Когда вернулась в комнату – босиком, в трусах и доходящей прямо до колен футболке, Павлик предложил:
– Ложись спать.
Даже не предложил. Приказал. И из чувства противоречия я заявила:
– Не хочу.
Не смогла сопротивляться своему желанию и положила голову ему на плечо. Едва не задохнулась от счастья. Паша тяжко вздохнул, включил какой-то фильм и сунул мне в руки благополучно забытую тарелку с пиццей.
Почувствовала жуткий голод, будто не ела несколько дней, но кольнула ревнивая мысль, что эту пиццу он готовил не для меня. Вновь отставила тарелку и села рядом, честно пытаясь вникнуть в сюжет фильма. Куда там…! Ни о чем другом, кроме близости любимого человека – думать не могла. Я боялась, что он меня с лестницы спустит, а теперь он сидит рядом, откинувшись на подушку, и не делает попыток меня прогнать. И так же боялась, что если до него дотронусь – тут же лишусь руки. И все же рискнула. Паша не пошевелился, все свое внимание переключив на экран. Но я слышала, как и в его груди сердце стало стучать громче и быстрее. И мое сердце тоже – да так громко, что, наверное, на улице было слышно.

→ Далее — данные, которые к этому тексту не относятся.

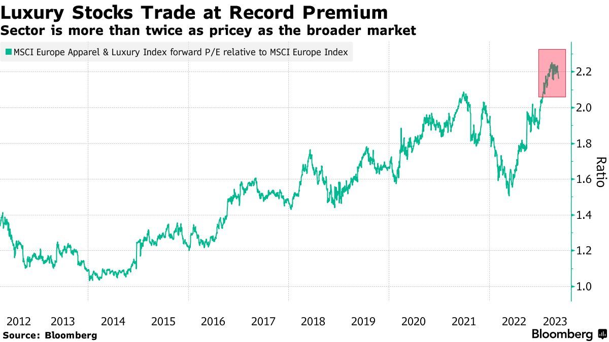 奢侈品股溢价创历史新高——奢侈品板块的价值是整体市场的两倍多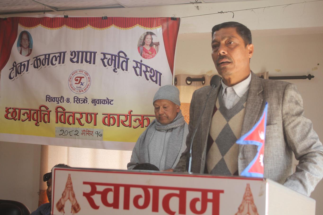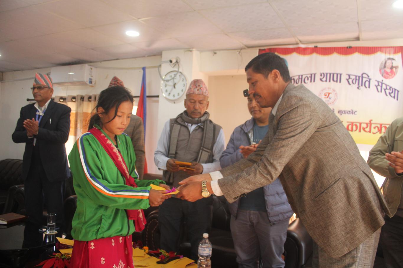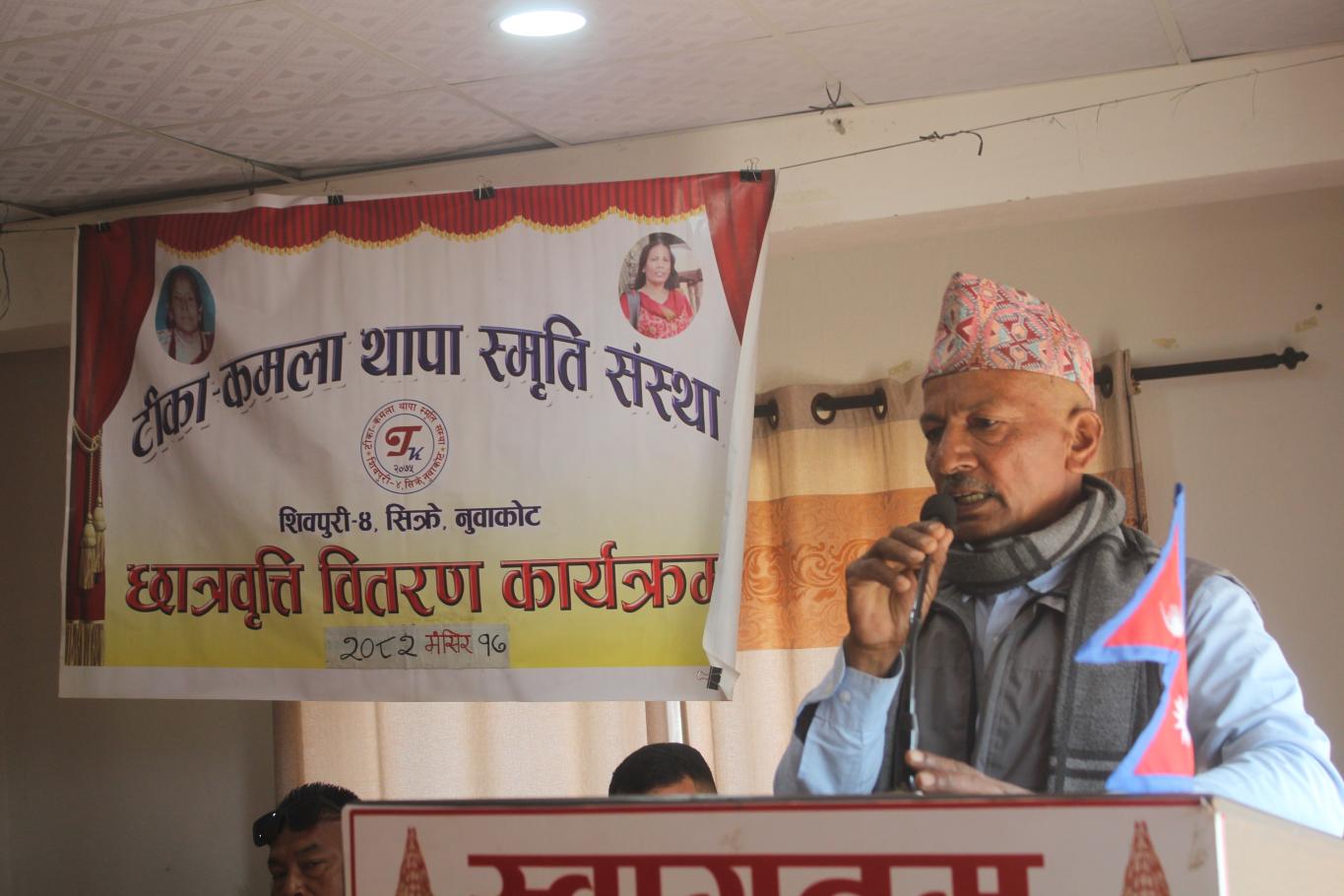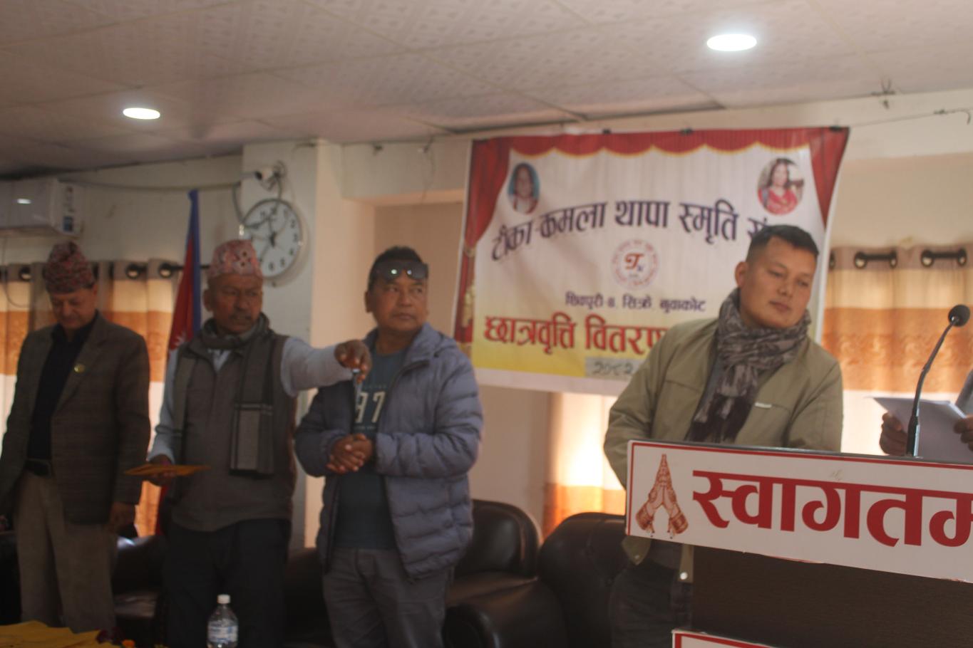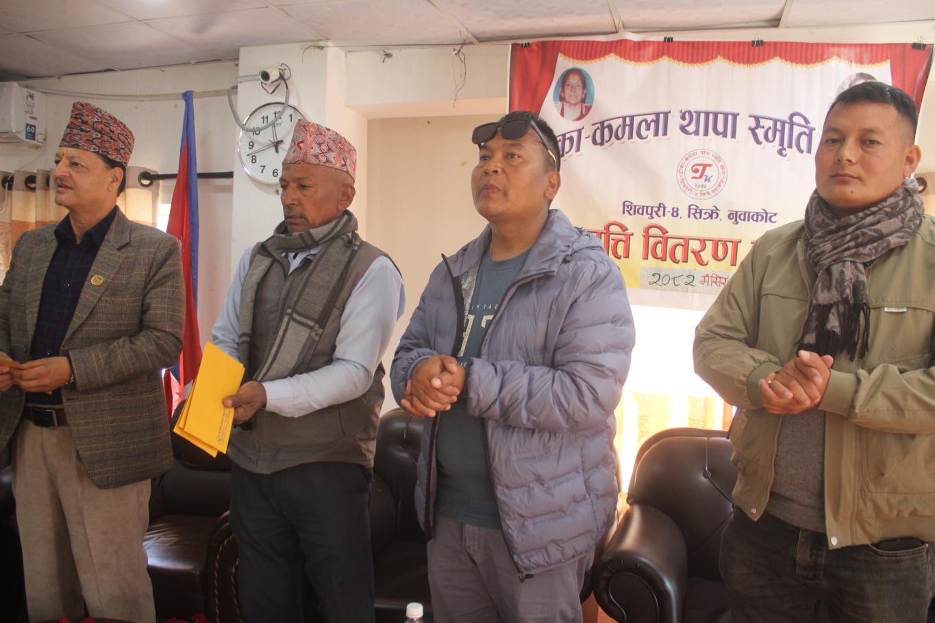 टिका कमला थापा स्मृति संस्था द्वारा शिवपुरी गापा भित्रका विद्यालयमा कक्षा ८,९,१०मा प्रथम र प्रति विद्यालय कक्षा ६-१२ का गरीब तथा जेहेन्दार १,१ जना गरि ६० जना अध्ययनरत विद्यार्थीलाई छात्रवृत्ति प्रदान

Душа пела от вновь обретаемых ощущений: «Катя, он здесь, он с тобой!»
И теперь уже без всякого страха обняла его. И Пашина рука дернулась в ответ, легла на мою спину – обнимая, согревая, успокаивая.
Вы когда-нибудь плакали от счастья? В тот момент мне хотелось от счастья рыдать! И наплевать на все предостережения Тани. И на Пашкины слова, что он не хочет меня больше видеть – вопреки всему, он ведь сейчас обнимает меня. И на его девушку тоже было плевать. Я даже не думала о том, что мы не виделись целых полгода – для меня этого времени не существовало. Я просто не жила без него эти месяцы. Теперь он здесь, рядом, и никакая сила в мире этого не изменит.
И было все равно, что скажут другие. Что скажет он сам. Я хотела быть здесь, с ним – на день, неделю, год… сколько получится.
Ну, какая тут может быть гордость, о которой мне все говорили? Я видела лишь совершенную мной глупость, когда уехала в Гамбург, отказавшись бороться за свои чувства. Послушалась Нину Владимировну и ее глупые домыслы. А гордость… зачем она мне, если рядом не будет любимого человека? Я предпочту лишиться всего, если взамен получу счастье быть вместе с Пашей.
Сколько я ждала этого момента – одному Богу известно. Сколько молилась. Сколько ночей не могла уснуть, повторяя про себя словно мантру: «Я не вернусь! Я не вернусь! Я не вернусь!»
Вернулась. Правда, в не совсем благопристойном виде – слегка пьяненькая. Стыдно? Чуть-чуть. А если честно – вообще не стыдно. Какая теперь разница? Важно лишь то, что он рядом и меня обнимает…
С довольной улыбкой повернула голову и прижалась губами к его щеке. Колючий…
– Не надо, – попросил Паша, но даже если бы сейчас обрушился потолок, я бы все равно его поцеловала. По-настоящему. В губы.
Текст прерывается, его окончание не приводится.